What's it mean to you to have a gold medal?
I'm so grateful to have been a part of the team and I can honestly say freeskiing has made me who I am. I am very proud to have been representing the sport and to be the first gold medalist is the most insane thing I can ever imagine. I feel fortunate as it's the gold medalist who gets to represent the sport the most, to the world. And that's what I'm excited about. I just want to get people stoked on skiing.

How has your family reacted?
My wife and daughter, aside from being over-the-moon excited, are handling it really well. But when you throw in the family who has never experienced something of this caliber it definitely raises the drama level up a bit. Not in a bad way but my parents are like, 'Whoa, this is so crazy. We can't deal with this.' Two weeks ago I was just a skier kid and now I'm able to do things like The Ellen Show. Without the Olympics, it would never have happened. It's a lot of pressure to put on your family.

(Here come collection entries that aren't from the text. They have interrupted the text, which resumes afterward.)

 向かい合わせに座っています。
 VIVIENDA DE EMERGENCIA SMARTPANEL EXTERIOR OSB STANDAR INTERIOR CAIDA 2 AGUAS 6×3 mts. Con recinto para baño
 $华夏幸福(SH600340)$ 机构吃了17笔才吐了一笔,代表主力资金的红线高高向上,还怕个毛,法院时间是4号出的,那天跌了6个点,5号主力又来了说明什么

Sarah Brunson/U.S. Freeskiing

"I can honestly say freeskiing has made me who I am," David Wise says.

You, Riddle and Rolland were some of the most experienced in the field. Because of the tough conditions, do you think that experience helped?
I'd say if you looked at the field of skiers that were competing, it was a younger field. My fellow Americans were all 19 and younger. But to have the three guys on the podium be in their mid-twenties, maybe that's a testament to having experience. We've all competed in every condition there is. At the Olympics, we were competing in some of the toughest conditions of the year. You just have to adjust and do the best run you can in spite of the conditions.

Despite the weather issues, do you think the sport represented well for its first go around?
For a point there at the end of practice, I was really worried that it could be disappointing. But then I watched Riddle, Kevin and Jossi Wells, everyone really, skiing well in spite of the conditions. Then I thought skiing will present itself well here. It was cool to see that happen. It's the Olympics, we're all going to go out there and do the best we can.

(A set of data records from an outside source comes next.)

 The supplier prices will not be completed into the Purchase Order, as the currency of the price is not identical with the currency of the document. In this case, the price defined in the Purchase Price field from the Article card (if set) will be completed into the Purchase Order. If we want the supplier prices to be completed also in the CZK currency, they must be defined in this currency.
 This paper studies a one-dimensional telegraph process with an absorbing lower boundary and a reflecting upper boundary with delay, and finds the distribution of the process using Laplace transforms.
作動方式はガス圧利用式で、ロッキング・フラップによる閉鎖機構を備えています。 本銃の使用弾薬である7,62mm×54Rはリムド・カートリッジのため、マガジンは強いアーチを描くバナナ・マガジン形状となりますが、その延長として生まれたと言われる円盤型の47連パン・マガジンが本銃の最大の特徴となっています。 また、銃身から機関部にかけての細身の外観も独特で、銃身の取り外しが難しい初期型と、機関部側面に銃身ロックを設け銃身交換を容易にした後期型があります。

Were people worried going into Sochi, having not seen the pipe or slope course?
There was a ton of hype concerning the conditions. When you have the X Games, you're riding a course built by Snow Park Technologies. That's a well-respected name within the industry. We've all competed on multiple SPT courses and they are great, plain and simple. So to go into an event -- the biggest event we've ever had -- built by people we didn't know, there was going to be some apprehension. It was a huge relief when we showed up and the slopestyle course was monstrous; sick setup, unique rail features. For pipe, location was the biggest thing. It wasn't the guys who made the pipe who were bad; it was that the pipe never had a chance to freeze. It never got below freezing while they were there. You're basically managing decay the whole time. They did a great job considering.

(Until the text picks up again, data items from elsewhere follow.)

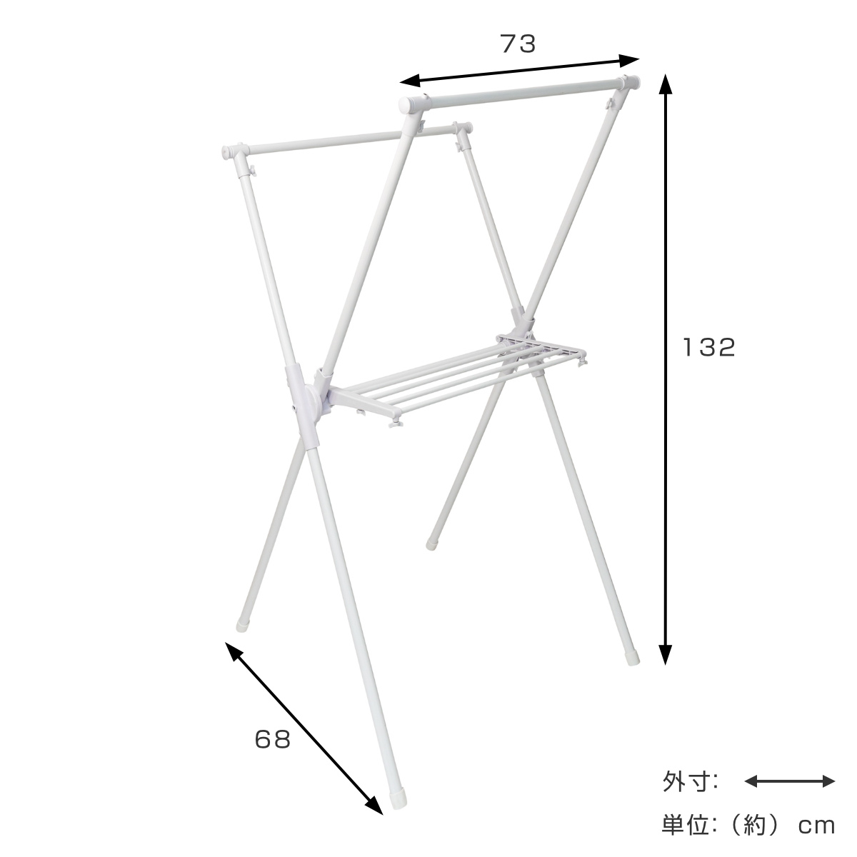 シンプルで使いやすいX型物干しスタンドです。お部屋に馴染みやすいホワイトカラーです。通気性の良い段違い設計なので、省スペースで効率良く干せます。組み立ては工具不要の簡単設計なのもポイントです。
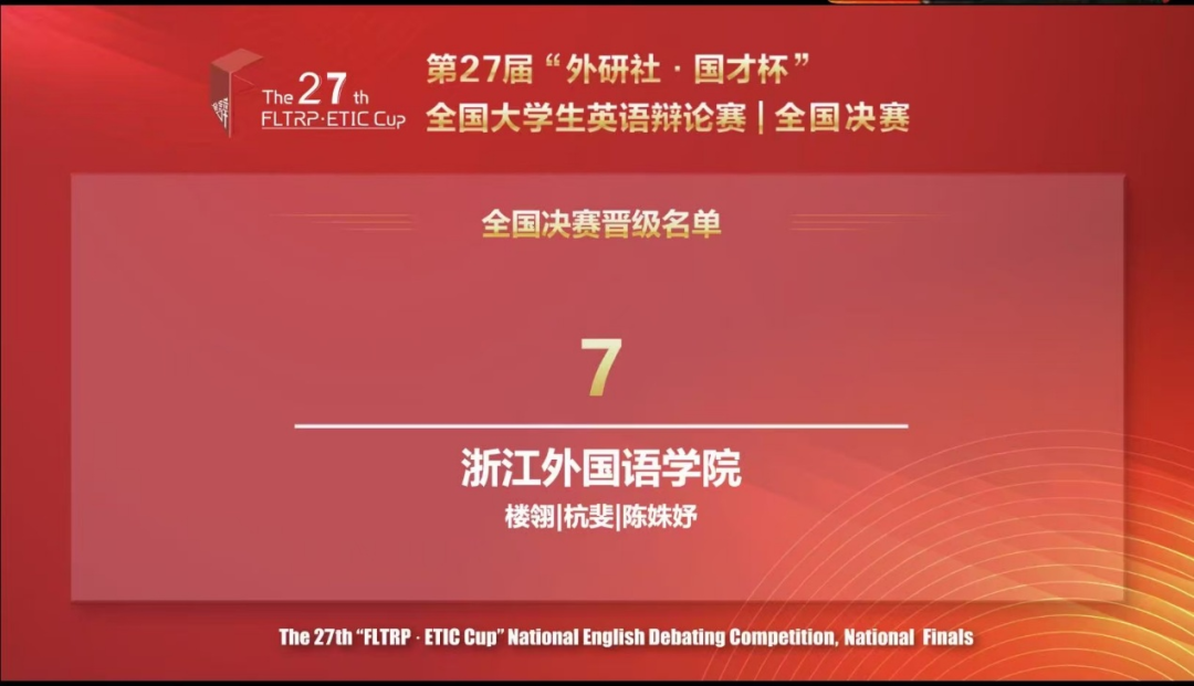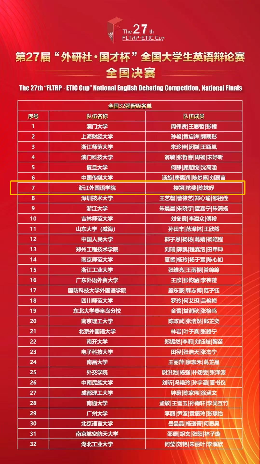 近日,第27届“外研社·国才杯”全国大学生英语辩论赛全国决赛圆满落下帷幕。在楼翎老师的悉心指导下,经过激烈的角逐,鸭奈飞 22英语(师范)4班杭斐、22英语7班陈姝妤同学在全国众多参赛队伍中脱颖而出,以breaking第7的优异成绩,荣获国赛金奖,成功入围全国32强冠亚季军总决赛淘汰赛!
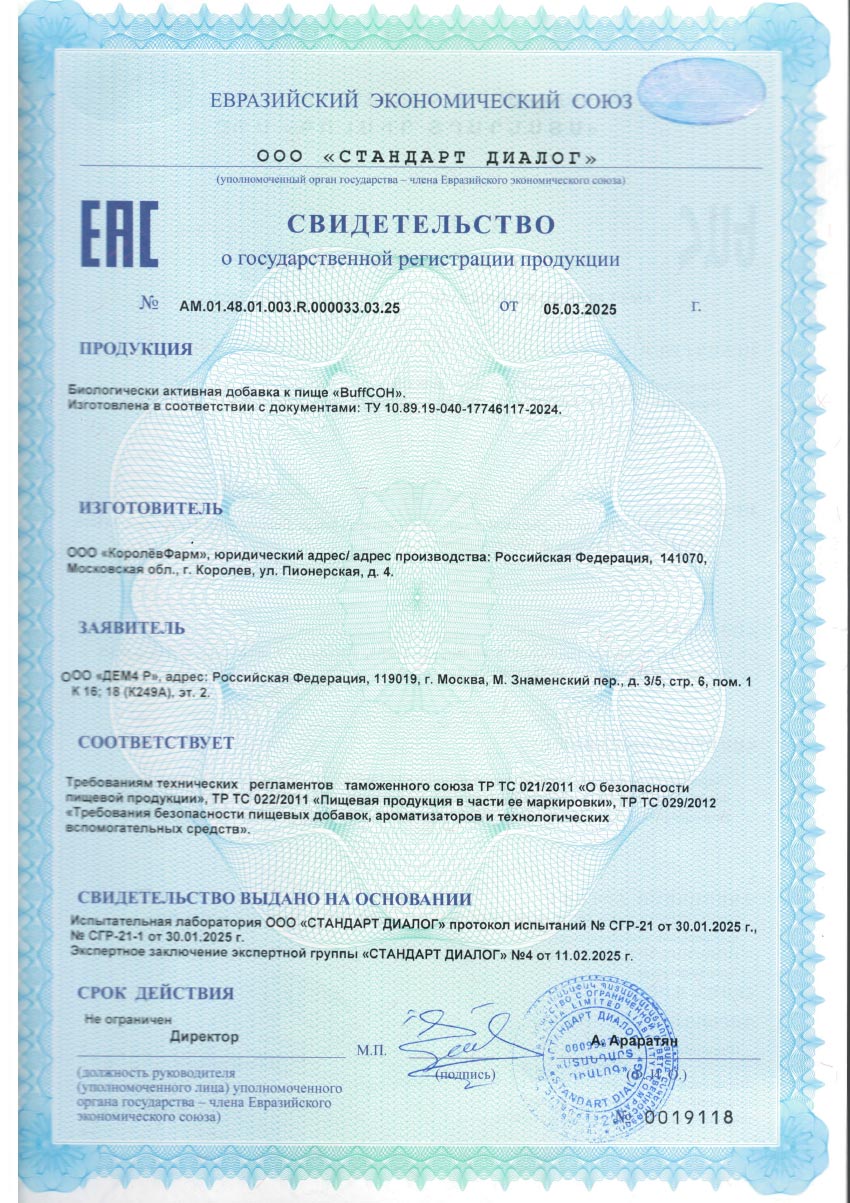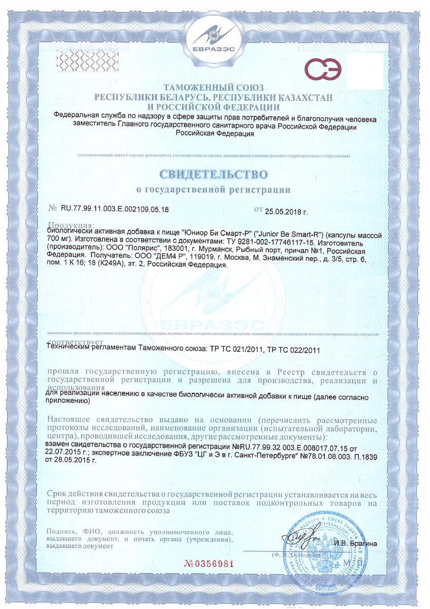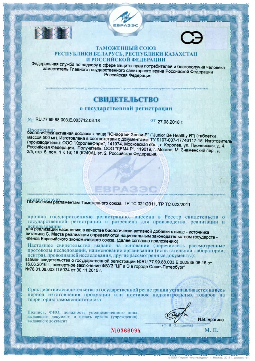 Свидетельство о государственной регистрации: № RU.77.99.88.003.Е.001151.03.18 от 20.03.2018 г.

IOC Rule 50 hit the skiing and snowboard community in the sense that the athletes couldn't wear Sarah Burke stickers and armbands. Did that tarnish anything?
In our hearts, we were all carrying Sarah with us. Despite the fact that we didn't have stickers and armbands on because we weren't allowed to, everyone carried her with them in their hearts.

What's the outlook for the 2018 Olympics? Is it something you'd like to go for?
I'm a huge strategist. I like to make plans and I'm totally cool with it if things change. I'm already looking forward to 2018. What do I think it'll take four years from now? What is it that I'm going to do and where can I go? I'm excited to play the game again. Where is the sport going to go and who is going to be leading the charge? I'm looking forward to it.